Le calcul est simple : les entreprises vont dépenser 30 milliards de moins, mais vont enregistrer 30 milliards de moins de recettes, ce qui aura un impact nul sur leurs comptes. Par contre, les liquidités injectées dans l’économie dite « réelle » vont drastiquement diminuer, les inégalités augmenter et du coup l’économie française se fragiliser encore plus.
Droit dans le mur
Ce cercle vicieux entretenu depuis quelques années en Europe pour des raisons idéologiques a peu à peu relégué notre continent au rôle de vieillard malade du monde. L’Europe est l’une des seules zones à se plier de bon cœur au libre-échange mondial, là où nos voisins et partenaires pratiquent tous des politiques protectionnistes agressives. Il est impossible par exemple de vendre un train au Brésil sans le construire là-bas. Il est impossible de signer un contrat avec la Chine sans y avoir une joint-venture sur place.

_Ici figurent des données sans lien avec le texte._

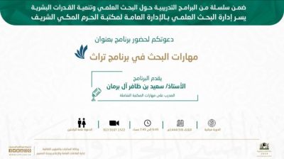 نفذت الرئاسة العامة لشؤون المسجد الحرام والمسجد النبوي ،عبر وكالة المكتبات والشؤون الثقافية النسائية، ممثلة بالإدارة العامة لمكتبة الحرم المكي الشريف النسائية وإدارة البحث العلمي النسائية اليوم، مبادرة الأبحاث الرائدة للباحثين والباحثات.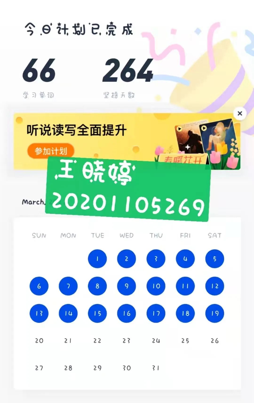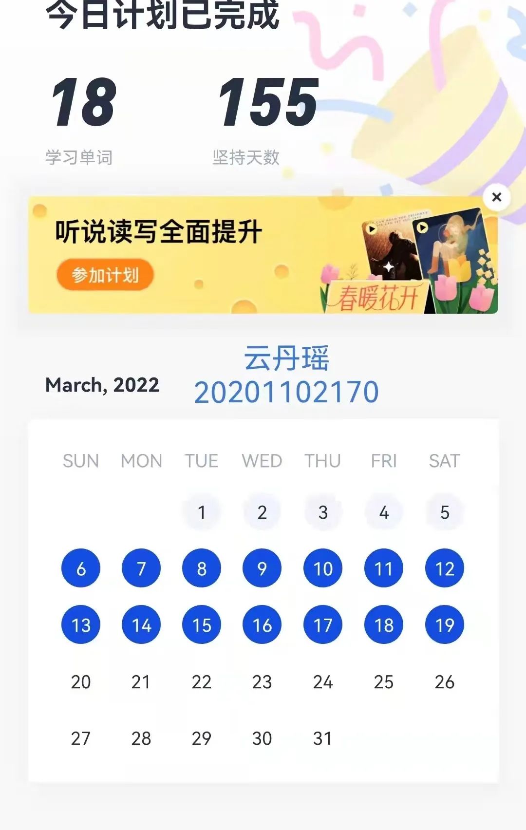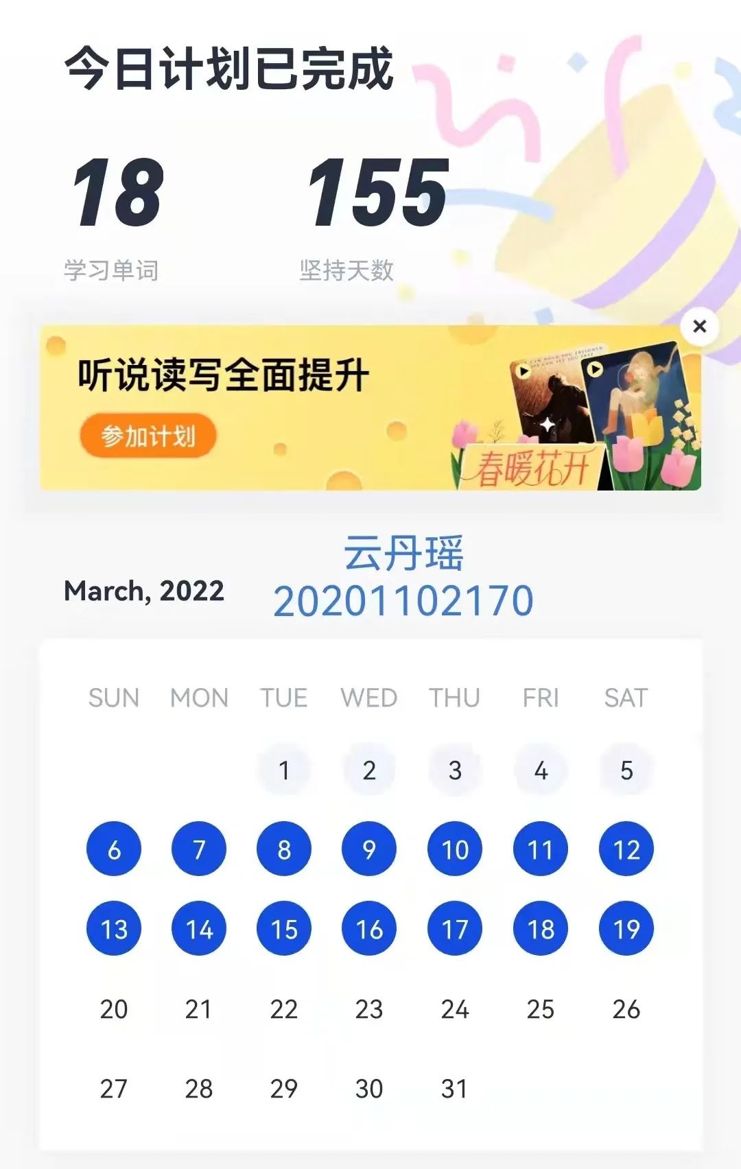 为了丰富学生的居家学习生活,提高学生的学习自觉性,数学科学学院开展了“学习解疫,提升有我”的英语单词打卡活动,150名学生积极响应活动,进行打卡学习。

Étant les seuls à jouer le jeu du libéralisme, nous sommes également les seuls à bien nous faire avoir dans cette compétition économique mondiale. Notre historique et les combats des travailleurs depuis plus d’un siècle ont amené notre pays à un haut niveau de vie. Ce niveau de vie n’est pas compatible avec des règles d’échanges dérégulées à travers le monde.
Des États européens qui luttent contre des États européens
Au lieu de lutter contre les États-Unis, la Chine ou les pays émergents, l’Europe lutte contre elle-même. Diminuer le « coût » du travail en France de 1 ou 2 points n’aura pour impact que de renforcer notre concurrence avec les autres pays européens. La France a un coût horaire du travail légèrement inférieur à l’Allemagne, similaire à la moyenne européenne. Diminuer ce coût équivaut à se battre contre nos voisins pour leur prendre des parts de marchés, car, sur ce plan, jamais nous ne serons concurrentiels face aux salaires chinois ou philippins.
Un mauvais combat
François Hollande mise tout sur son Pacte de Responsabilité pour améliorer sa situation personnelle dans l’optique de l’élection présidentielle de 2017. Au-delà du fait que notre pays est à nouveau sclérosé par cette échéance présidentielle quinquennale qui se transforme à chaque fois en drame où le pays se retrouve au bord du gouffre, cette posture est tout-à-fait grotesque.
Le pire, c’est que le Président croit sincèrement qu’injecter 30 milliards dans les comptes des entreprises va créer de l’emploi massivement. Il faut rappeler qu’un SMIC mensuel coûte 1 633 euros à une entreprise, soit un petit 20 000 euros par an. 30 milliards représentent donc 1,5 millions de SMIC. Si on voulait créer de l’emploi, il aurait donc été plus économique pour l’État de les financer directement. Mais passons…
Il faut revoir nos priorités
La plupart des politiques basent leurs objectifs sur des taux de croissance ou d’emploi. C’est se tromper de combat ! Ce qui compte pour estimer si une politique est une réussite ou non, c’est le bonheur engendré chez les citoyens.
Le taux de croissance n’est qu’un chiffre. C’est ses conséquences qui sont importantes. De même, notre taux de chômage n’est qu’un chiffre. Travailler, ce n’est pas le but d’une vie, surtout si ce travail se fait à bas salaire et n’est pas épanouissant. Ce que veulent les citoyens, ce n’est pas l’emploi, c’est le salaire. Ce qu’ils veulent, c’est vivre, vivre bien, et heureux. La course à l’emploi à tout prix entraînera des absurdités comme la baisse des salaires.
Cela fait des années qu’on essaye. Cela fait des années qu’on échoue. Il est temps de changer de modèle.